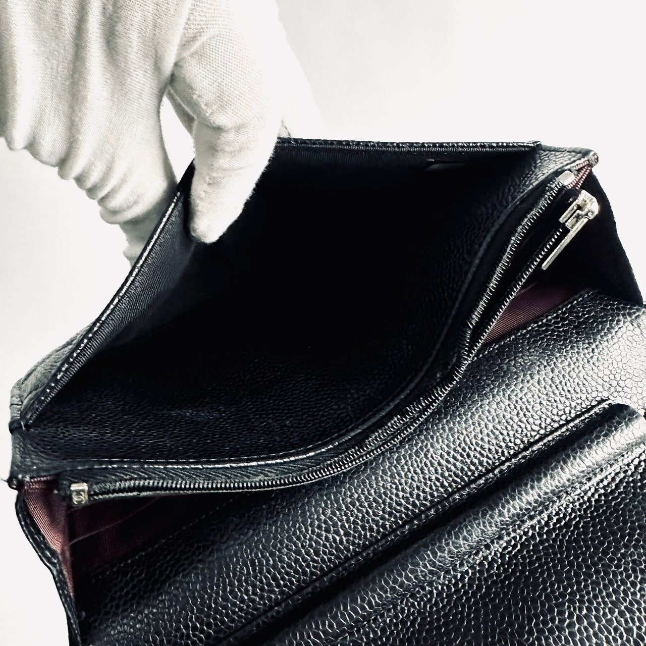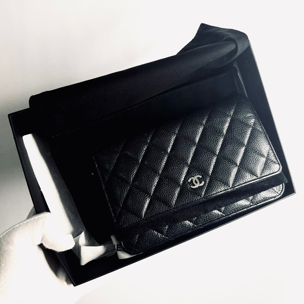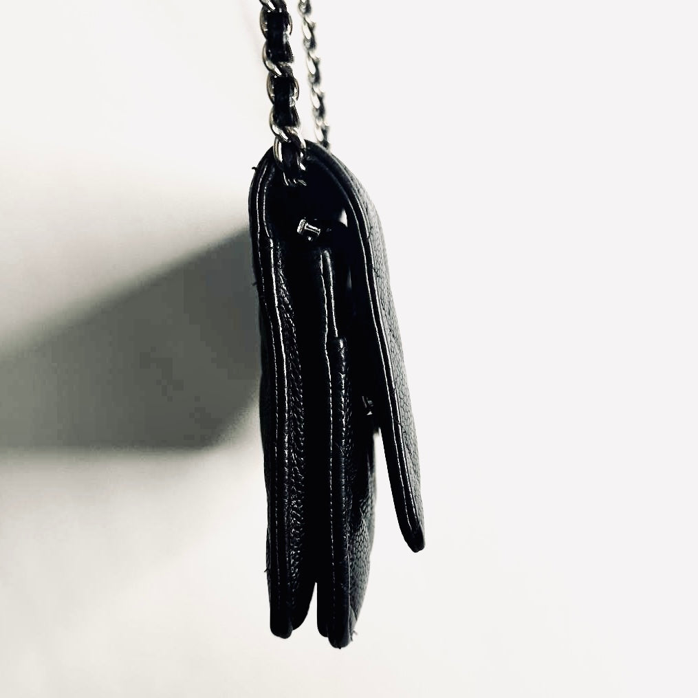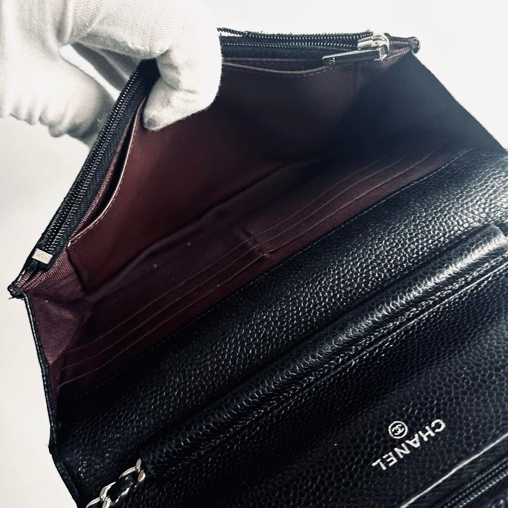 Chanel Black CC Logo Classic WOC Quilted Caviar Leather Wallet On Chain Shoulder Sling Flap Bag 28s
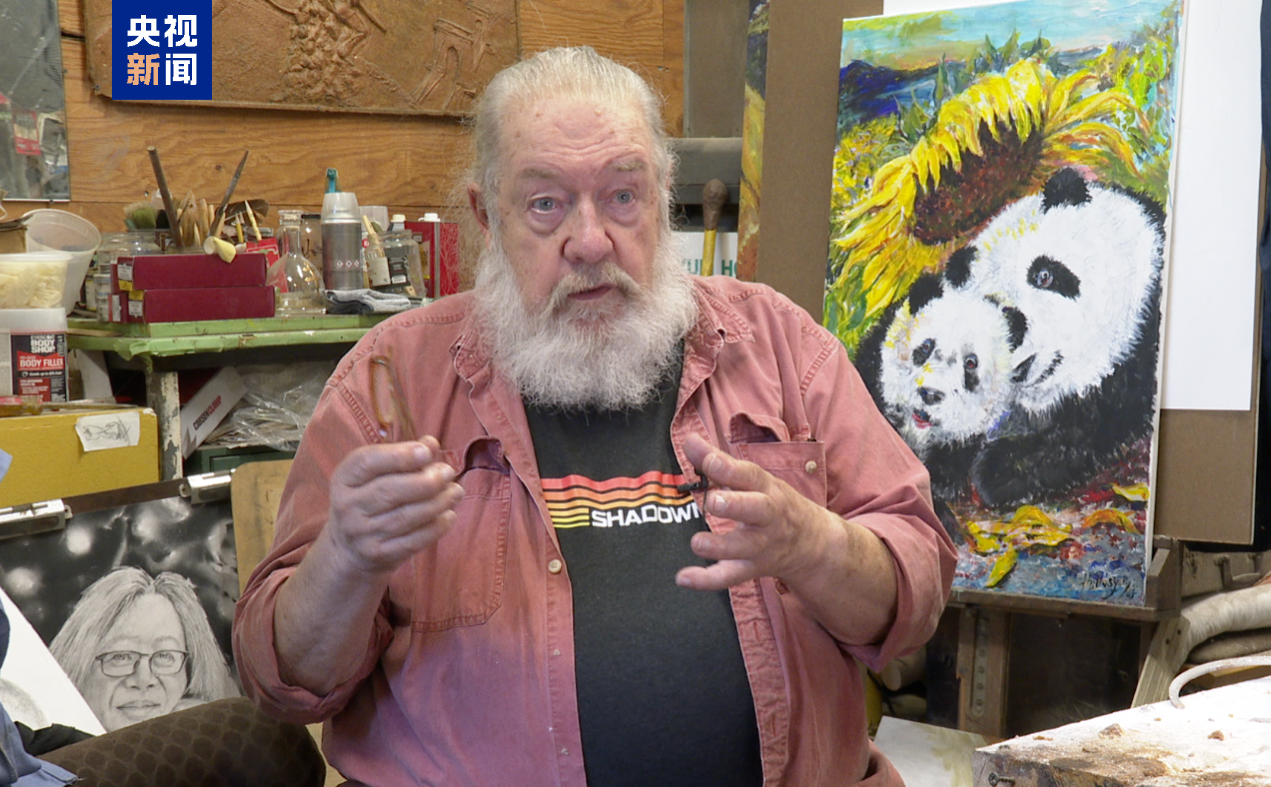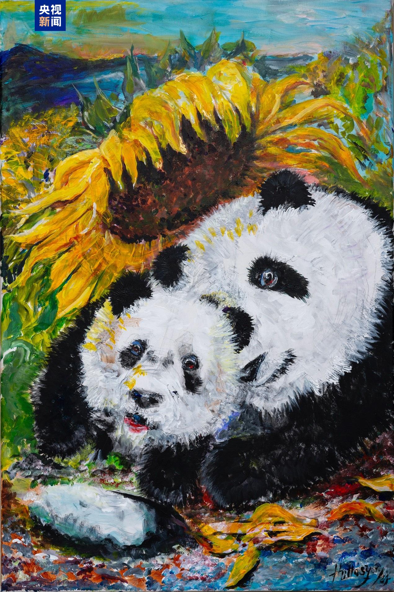向日葵既是霍洛西的創(chuàng)作主題之一,也象征著加州的植被和自然景觀,霍洛西把加州向日葵和中國大熊貓結合在一起,比喻旅美大熊貓受到美國人民的喜愛和呵護,在圣迭戈的新家茁壯成長?;袈逦髡J為,人與人交流的關鍵是保持開放的心態(tài),在傾聽的過程中學習與對話。
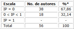 Grado de productividad de los autores: Para su determinación se empleó el Índice de productividad (IPr), que se calcula de la siguiente fórmula: IPr = logN, donde N es el número de artículos publicado por el autor. Basado en este cálculo los autores se dividen en pequeños Ipr = 0, medianos 0 < Ipr < 1 y grandes productores Ipr = 1.
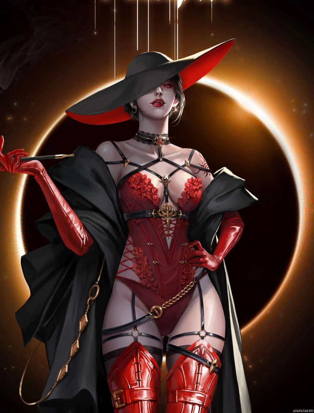 The image depicts an artistic rendition of a character named Dimitrescu, known for her appearance in
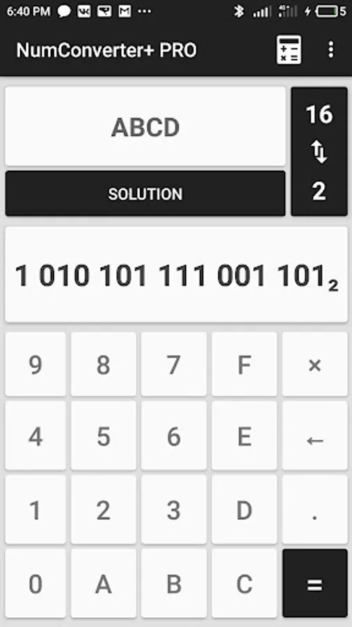 NumConverter + PRO is the application for the convertation of numbers from one numeral system to another, as well as to calculate the sum, difference, dividing and multiplication of two different numbers with different base numeral systems.
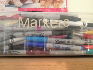 Clean space to use my tools !! yippy!!I got shoe box containers from the dollar store and stored my markers, pens and gel pens in them. I labeled each container...
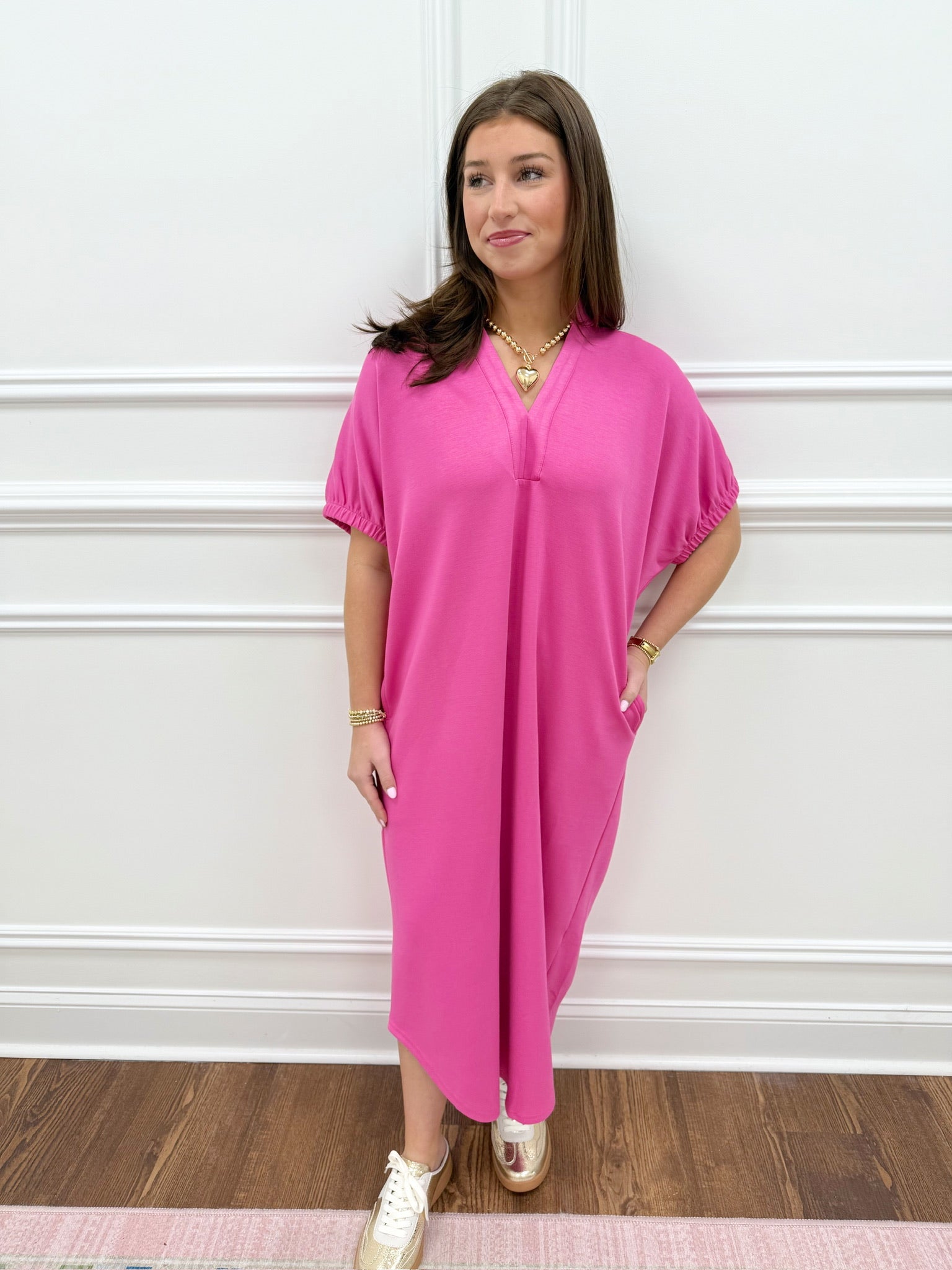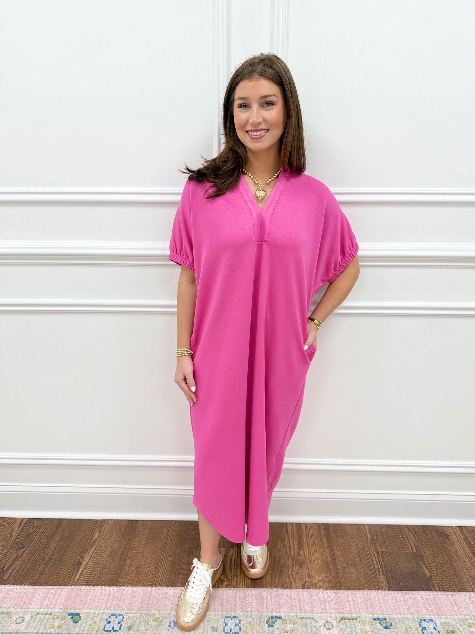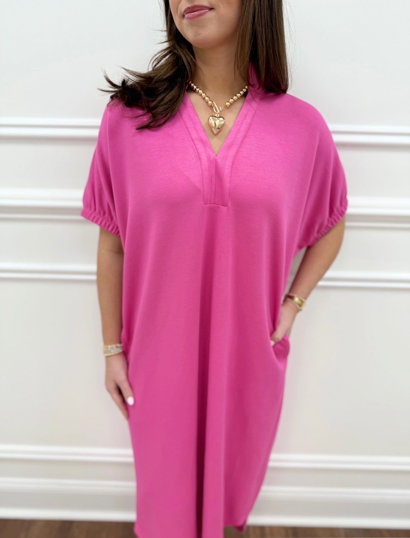 Discover the Marie Pink Dress, a luxuriously soft and cozy essential crafted from premium fabric that feels incredible against your skin. This flattering silhouette drapes beautifully and comes in sizes Small through Large, so you'll find your ideal fit. As seen on Alison in our Small size, this dress combines comfort with understated elegance, making it perfect for everything from casual outings to relaxed evenings. Experience the perfect balance of softness and style with a piece you'll reach for again and again.
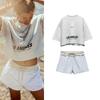 Early Autumn New Arrival Female Fashion Stylish Printing Flannel Sweatshirt 3253804 Text Decoration Shorts 3253807
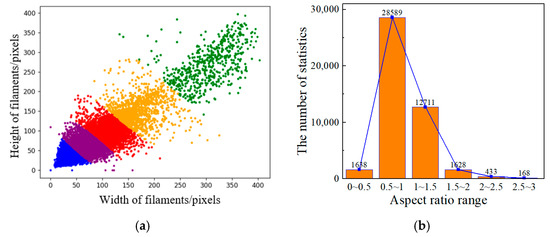 Safflower filament statistics of (a) filament size; (b) aspect ratio.
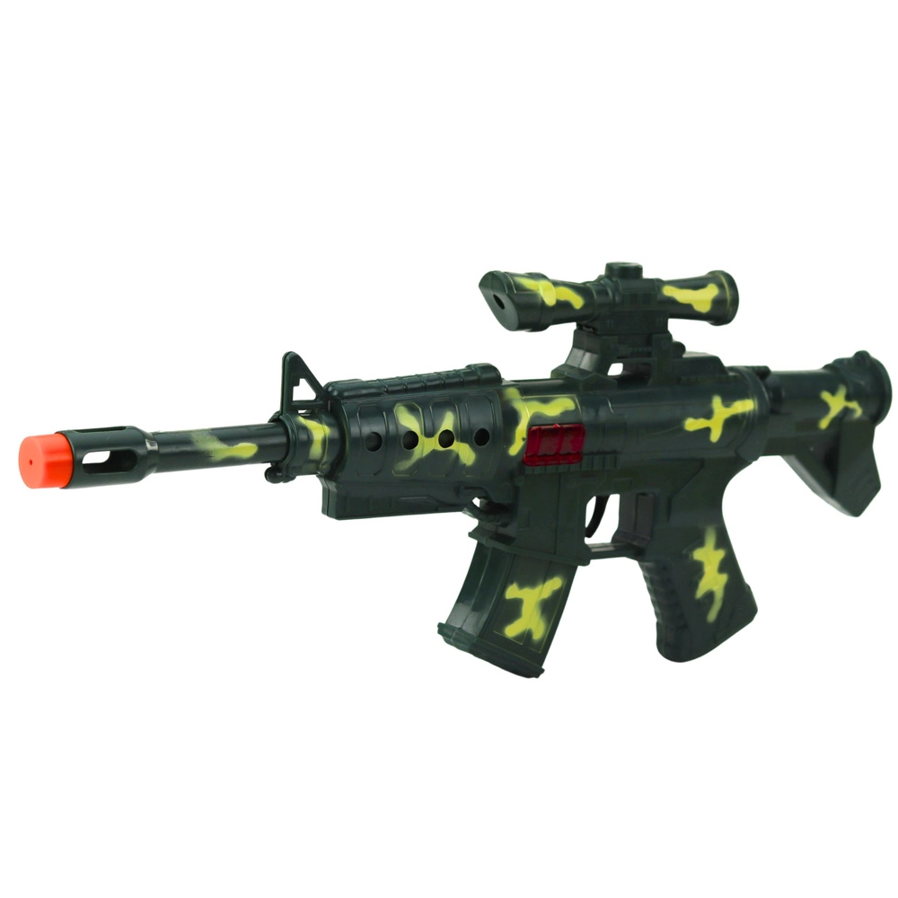 Ob pritisku na sprožilec se zasliši izrazit mehanski efekt strela, ki okrepi vzdušje igre. Plastična konstrukcija s kamuflažnimi detajli je lahka in varna za otroke.

* What you should do *
Omit the pictures. Write out exactly the lines from the one containing "向日葵既是霍洛西的創(chu" through the last line of the entries, both of them included.

* Output for this exercise *
向日葵既是霍洛西的創(chuàng)作主題之一,也象征著加州的植被和自然景觀,霍洛西把加州向日葵和中國大熊貓結合在一起,比喻旅美大熊貓受到美國人民的喜愛和呵護,在圣迭戈的新家茁壯成長?;袈逦髡J為,人與人交流的關鍵是保持開放的心態(tài),在傾聽的過程中學習與對話。
 Grado de productividad de los autores: Para su determinación se empleó el Índice de productividad (IPr), que se calcula de la siguiente fórmula: IPr = logN, donde N es el número de artículos publicado por el autor. Basado en este cálculo los autores se dividen en pequeños Ipr = 0, medianos 0 < Ipr < 1 y grandes productores Ipr = 1.
 The image depicts an artistic rendition of a character named Dimitrescu, known for her appearance in
 NumConverter + PRO is the application for the convertation of numbers from one numeral system to another, as well as to calculate the sum, difference, dividing and multiplication of two different numbers with different base numeral systems.
 Clean space to use my tools !! yippy!!I got shoe box containers from the dollar store and stored my markers, pens and gel pens in them. I labeled each container...
 Discover the Marie Pink Dress, a luxuriously soft and cozy essential crafted from premium fabric that feels incredible against your skin. This flattering silhouette drapes beautifully and comes in sizes Small through Large, so you'll find your ideal fit. As seen on Alison in our Small size, this dress combines comfort with understated elegance, making it perfect for everything from casual outings to relaxed evenings. Experience the perfect balance of softness and style with a piece you'll reach for again and again.
 Early Autumn New Arrival Female Fashion Stylish Printing Flannel Sweatshirt 3253804 Text Decoration Shorts 3253807
 Safflower filament statistics of (a) filament size; (b) aspect ratio.
 Ob pritisku na sprožilec se zasliši izrazit mehanski efekt strela, ki okrepi vzdušje igre. Plastična konstrukcija s kamuflažnimi detajli je lahka in varna za otroke.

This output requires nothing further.